Hulya menangkup wajah Marchel, kembali melumat bibir tegas itu dan kembali terbuai dalam ciuman mereka. Tangan Marchel mengusap lembut pinggang Hulya lalu terus ke atas hingga punggung wanitanya.
"Aku menginginkan dirimu Hulya, aku sangat merindukan kamu," bisik Marchel di telinga Hulya sembari mencium dan menjilati telinga sensitif itu.
Hulya terpaku, dia menjauhkan wajahnya dari Marchel, tersadar akan apa yang telah dia lakukan.
"Kita tidak boleh melakukan hal ini Marchel, kita bukan suami istri lagi," tolak Hulya, dia langsung pindah duduk ke bangku penumpang di samping Marchel.
Pria itu tampak kecewa dengan penolakan Hulya, tapi dia cukup tahu diri untuk tidak akan memaksakan kehendaknya pada Hulya sekarang.
"Aku benar-benar merindukanmu, apa kamu tidak merindukan aku?" Hulya menatap Marchel lalu menunduk dan mencoba untuk melawan hatinya sendiri.
"Aku juga merindukanmu tapi..." Marchel menarik tengkuk Hulya dan membungkam mulut Hulya dengan mulutnya, memaksakan lidahnya masuk ke dalam mulut itu dan membelit lidah Hulya.
Tak ada lagi yang bisa dipertahankan, Marchel mematikan lampu di dalam mobilnya dan meraba lebih intens lagi tubuh Hulya. Perlahan, pakaian mereka terlepas satu per satu hingga keduanya full naked.

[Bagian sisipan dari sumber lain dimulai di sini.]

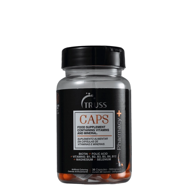 Complexo vitamínico para a saúde capilar. Truss Pharmacy+ Caps auxilia no crescimento capilar e na prevenção da queda. Suplemento Alimentar Truss Pharmacy+ Caps é rico em vitaminas e minerais, sendo de rápida absorção, para ajudar no fortalecimento dos fios e na hidratação interna da fibra capilar. Indicado para homens e mulheres, promove aumento da resistência do cabelo e brilho. Com ele, seus fios ficam fortes, nutridos e bonitos. Conselho de Aplicação Tome 1 cápsula por dia. Nossos Experts Ensinam Caso você seja gestante, consulte seu médico antes de iniciar o uso do suplemento. Truss Pharmacy+ Caps
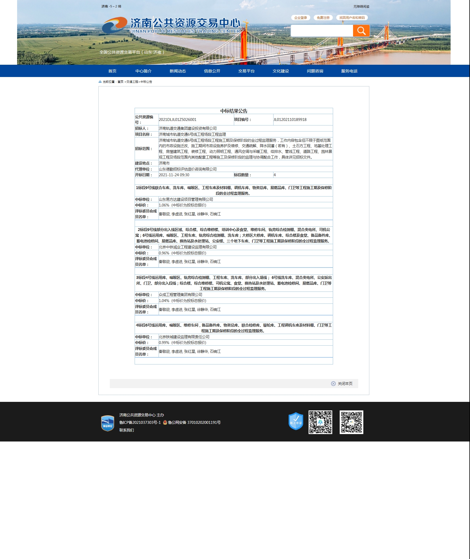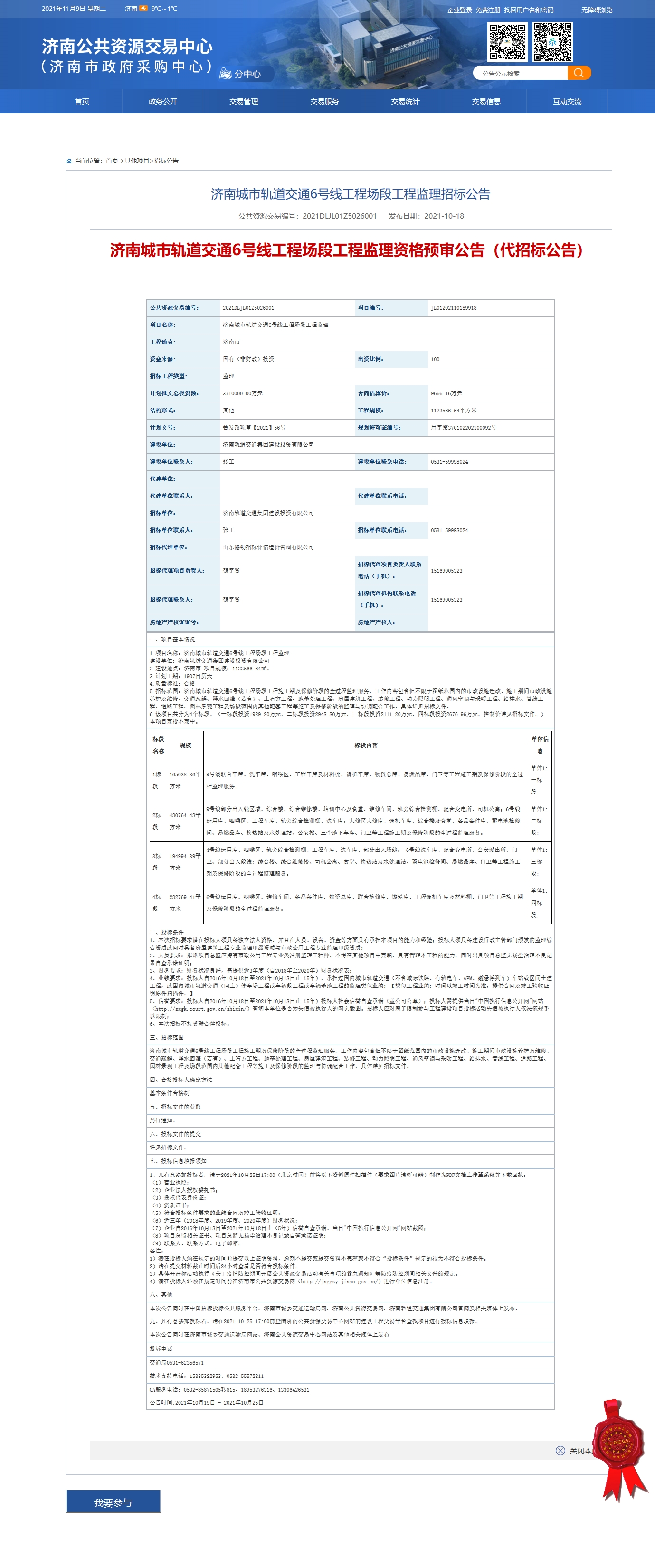 【招標(biāo)投標(biāo)信息】濟(jì)南城市軌道交通6號(hào)線工程場(chǎng)段工程監(jiān)理招標(biāo)投標(biāo)信息
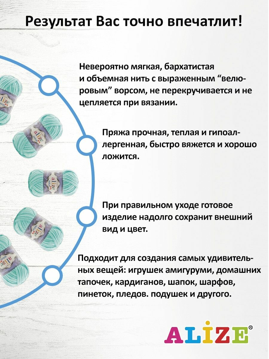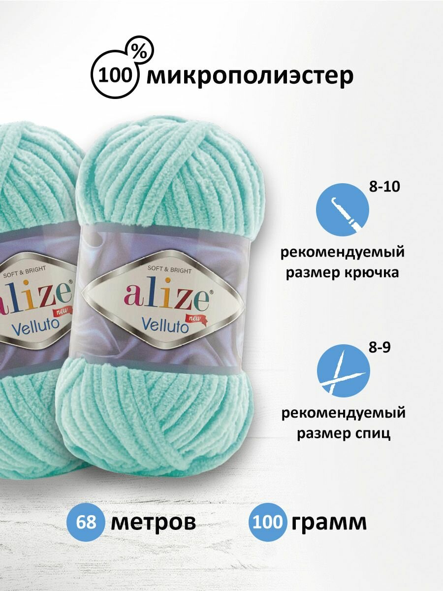 Пряжа Alize Velluto светло-бирюзовый (19), 100%микрополиэстер, 68м, 100г, 5шт
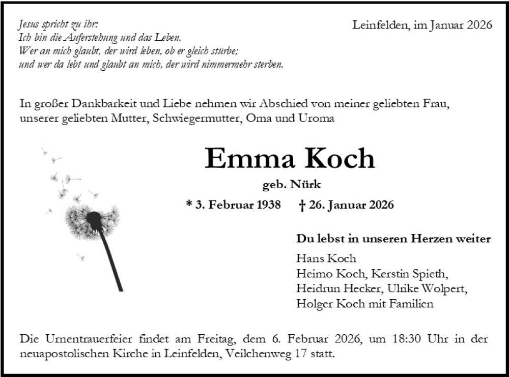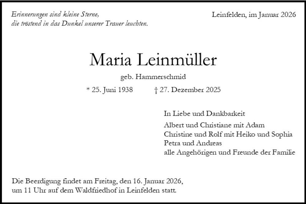 Bestattungstermin: 4.2.2026 um: 13:00 Uhr
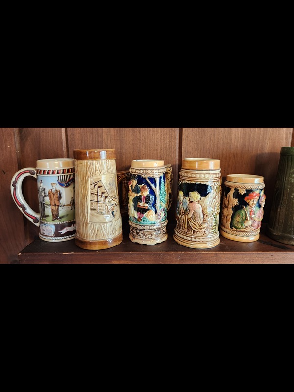 Steins. 14 steins incl four German style, two metal, one metal with cover, one glass with cover, tallest 8"H. See photos for details.
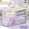 Transparente vierlagige Stiftetasche mit großer Kapazität Studenten-Schreibwaren-Aufbewahrungstasche Schulbürobedarf Schreibwaren
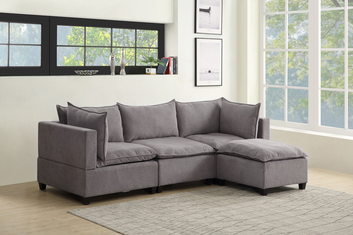 Madison - Fabric Reversible Sectional Sofa Ottoman - Light Gray
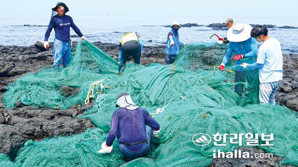21일 제주시 한림읍 수원리 해안가에서 제주바다환경지킴이들이 바다에서 떠밀려 온 폐그물 수거 작업을 하고 있다. 강희만기자
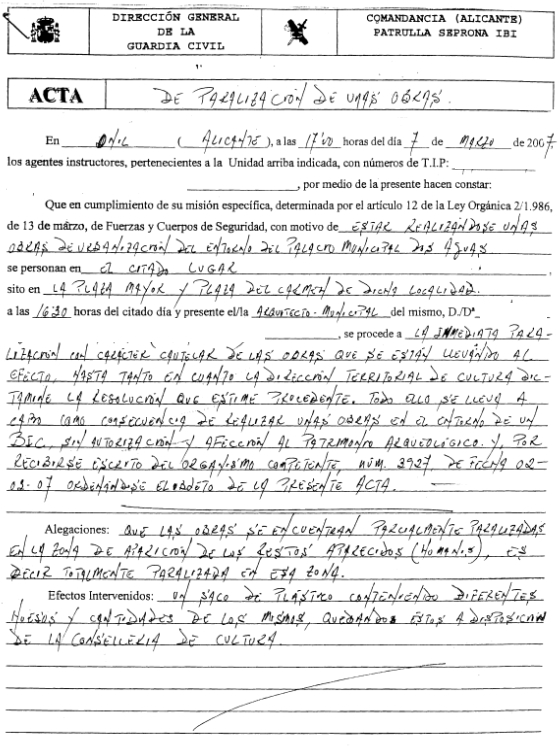 Adjuntamos copia del acta levantada por la Guardia Civil.
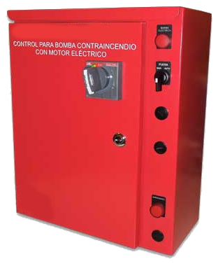 Tablero de control que se utiliza para el arranque y paro de la bomba eléctrica a tensión plena (ATP) de modo manual y automático por medio de un presostato que se conecta en la red hidráulica para sistemas contraincendios.
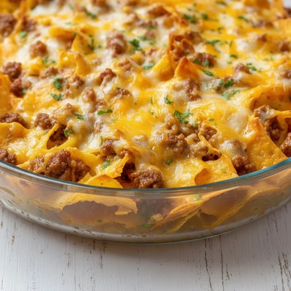 A comforting breakfast casserole made with layered tortillas, sausage, and melted cheese, perfect for feeding a crowd.
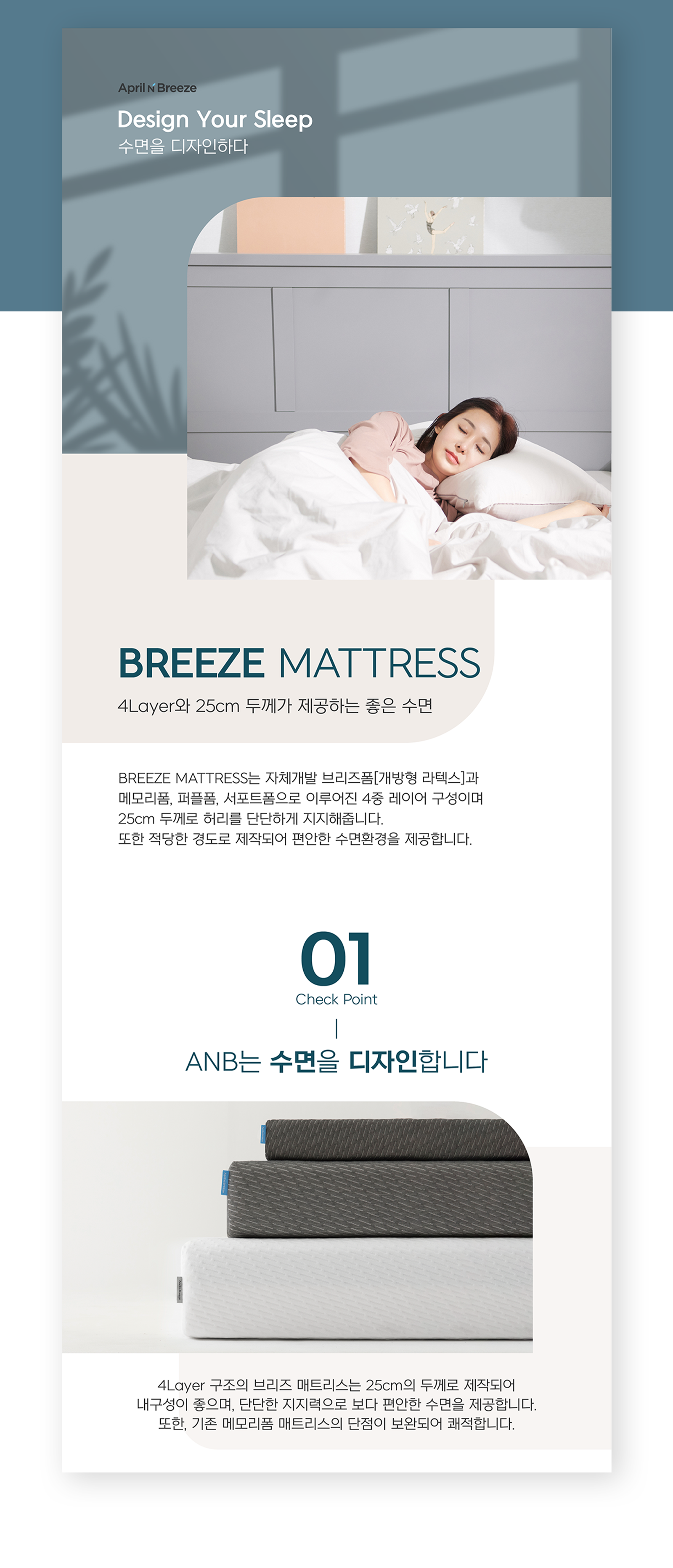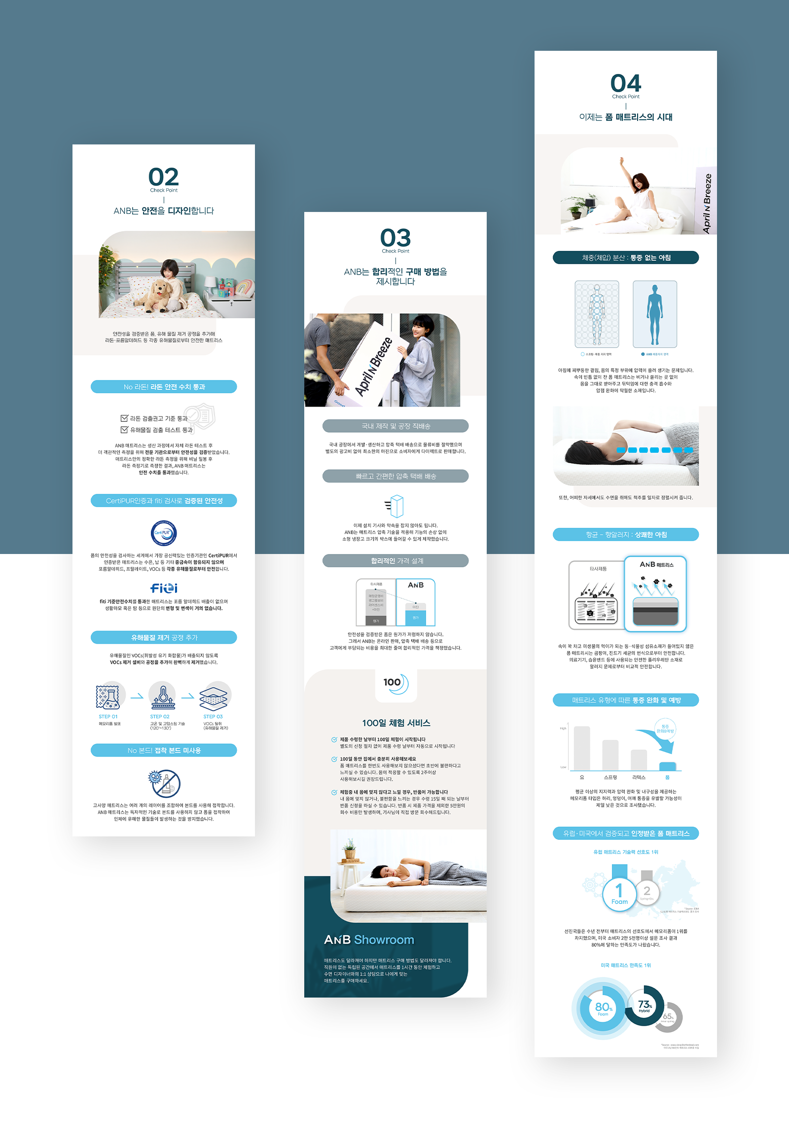안녕하세요! 디자인온엑스입니다. 이번에 소개해 드릴 포트폴리오는 April N Breeze 침구 브랜드의 상세페이지 제작 사례입니다. 고객의 브랜드 이미지와 제품 특징을 효과적으로 전달하기 위해 심혈을 기울여 제작했어요. 먼저, 컨셉은 '고급스럽고 편안한 분위기 속에서 제품의 기능과 장점을 명확하게 전달하는 것'이었어요. 따라서, 깨끗하고 고급스러운 화이트와 파스텔톤을 기본 색상으로 사용하고, 고품질의 제품 이미지와 함께, 핵심 정보들을 간결하고 명료하게 전달하는 데 중점을 두었답니다. 타겟 고객은 20대 후반부터 40대까지의 여성 고객층으로, 편안함과 심미성을 모두 중요시하는 분들을 위해 제작했어요. 상세페이지는 제품의 특징과 기능을 직관적으로 보여주는 이미지와 텍스트를 사용하여 구성했어요. 특히, ANB만의 독점 기술과 기능을 명확하게 설명하고, 제품의 품질을 보여주는 인증 마크 등을 효과적으로 배치하여 소비자의 신뢰도를 높이고자 노력했답니다. 또한, 모바일 환경에서도 최상의 사용자 경험을 제공하기 위해 반응형 웹 디자인을 적용했어요. 어떤 기기로 접속하더라도, 깨끗하고 보기 좋은 디자인을 유지하며, 제품 정보를 편리하게 이용할 수 있도록 했답니다. 마지막으로, 검색엔진최적화(SEO)를 고려하여, 제품과 관련된 키워드를 자연스럽게 배치하여 고객이 쉽게 찾아볼 수 있도록 하였습니다. 디자인온엑스는 앞으로도 고객 만족도를 높이는 고품질의 상세페이지 제작을 위해 최선을 다하겠습니다.
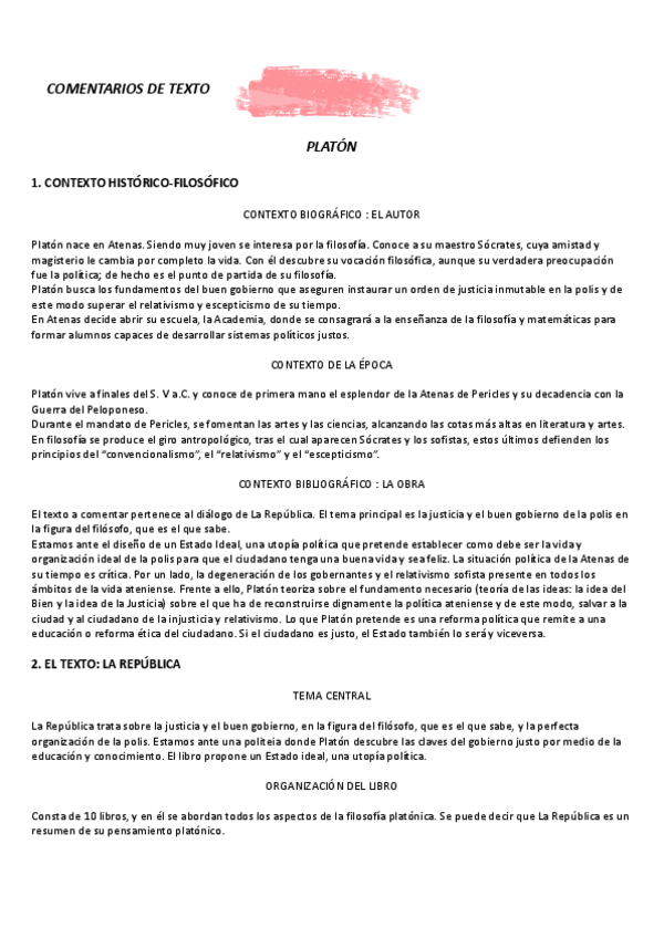 COMENTARIOS DE TEXTO - PLATÓN

Marchel terus menciumi Hulya dan merendahkan sandaran kursi membuat Hulya setengah tertidur. Mereka melakukan hubungan suami istri di dalam mobil tersebut.
Marchel memeluk tubuh Hulya setelah mendapatkan pelepasannya, detak jantungnya bisa dirasakan oleh Hulya karena tubuh naked-nya Marchel berada di atas punggungnya.
"Ini salah, kita melakukan kesalahan, Marchel," kata Hulya sambil mengatur pernapasannya.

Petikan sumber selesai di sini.